June 11 2014
Rachel DiCarlo Currie
In January 2008, the second month of the Great Recession, America’s total number of nonfarm payroll jobs peaked at about 138.365 million, according to the Bureau of Labor Statistics (BLS). Nearly six and a half years later, we finally returned to that level of employment: As of May, the United States had an estimated 138.463 million nonfarm payroll jobs. In other words, writes Brookings Institution economist Justin Wolfers, “it has taken longer to recover from this recession than in any previous post-World War II downturn.”
Wolfers also notes that May marked “the 51st month in a row of private-sector job gains, which equals the longest previous consistent run of employment gains.” Yet the U-6 unemployment rate -- which measures the share of workers who are unemployed, marginally attached to the labor force, or working part time for economic reasons -- stood at 12.2 percent.
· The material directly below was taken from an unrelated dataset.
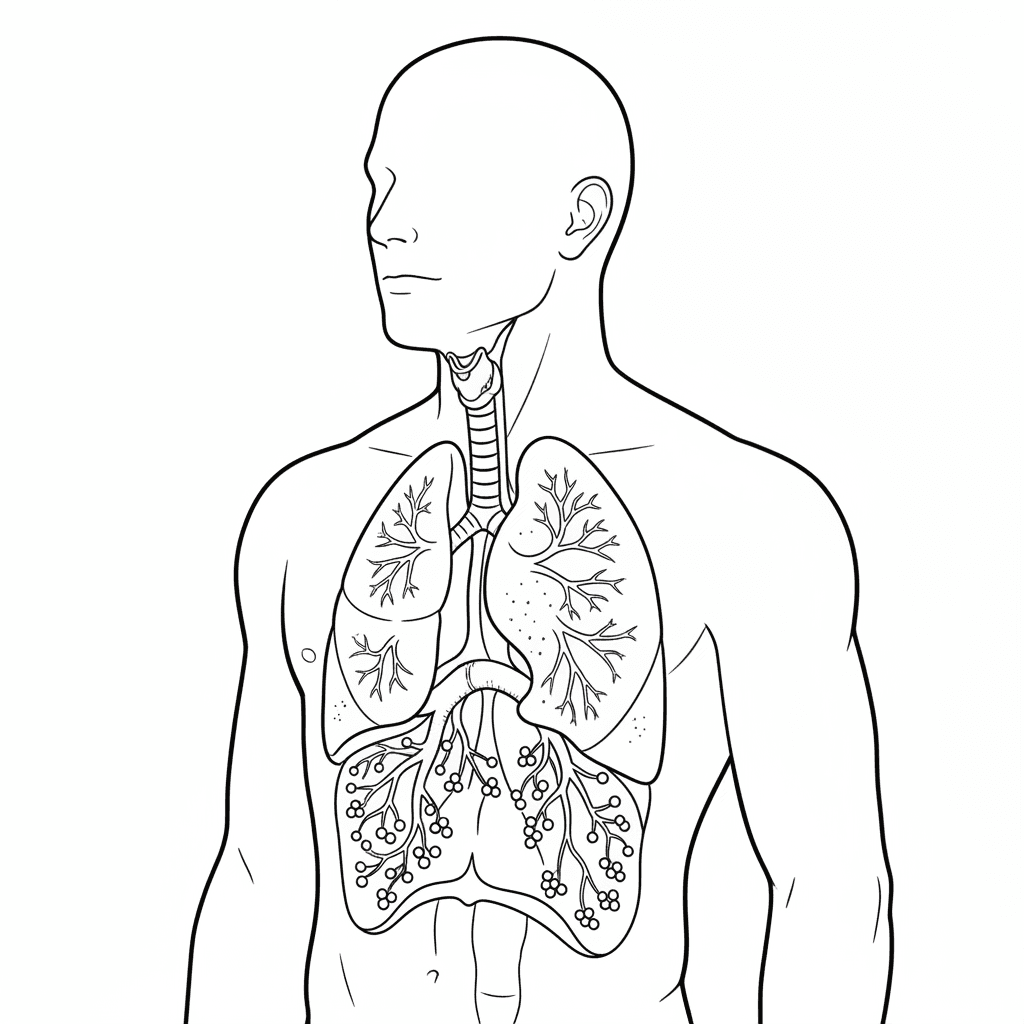 Omtrek van het menselijk lichaam met ademhalingssysteem

That is not only much steeper than it was at the start of the recession in December 2007 (8.8 percent) but also steeper than it was at the height of the financial crisis in October 2008 (11.8 percent).
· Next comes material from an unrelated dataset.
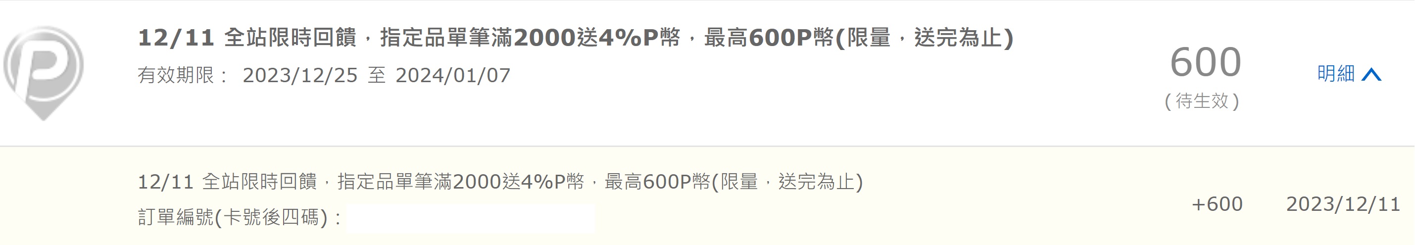 推 wewe1026: 21:25下單 5分鐘後P幣回饋就出現了 114.42.81.50 12/11 21:39

Meanwhile, the labor-force-participation rate (LFPR) is stuck at a level (62.8 percent) that, prior to late 2013, had not been seen since early 1978, and the employment-to-population (EP) ratio (58.9 percent) remains far below where it stood in December 2007 (62.7 percent), and also below its level of June 2009 (59.4 percent), when the recession formally ended. (I discussed the significance of the LFPR and the EP ratio in a previous post.)
Here are two more economic indicators to consider: (1) the hiring rate (i.e., the rate at which workers are being added to payrolls) and (2) the “quit rate” (i.e., the rate at which workers -- excluding retirees -- are voluntarily leaving their jobs). The importance of the hiring rate is obvious. As for the quit rate, Federal Reserve chief Janet Yellen has explained that “a pickup in the quit rate . . . would signal that workers perceive that their chances to be rehired are good -- in other words, that labor demand has strengthened.”
According to the new Job Openings and Labor Turnover Survey, which was released yesterday, both the quit rate and the hiring rate were lower in April (1.8 percent and 3.4 percent, respectively) than they were in December 2007 (2.0 percent and 3.6 percent) or even June 2008 (1.9 percent and 3.5 percent). In fact, both the quit rate and the hiring rate -- which haven’t changed since February -- were the same in April as they were at their respective troughs following the 2001 recession.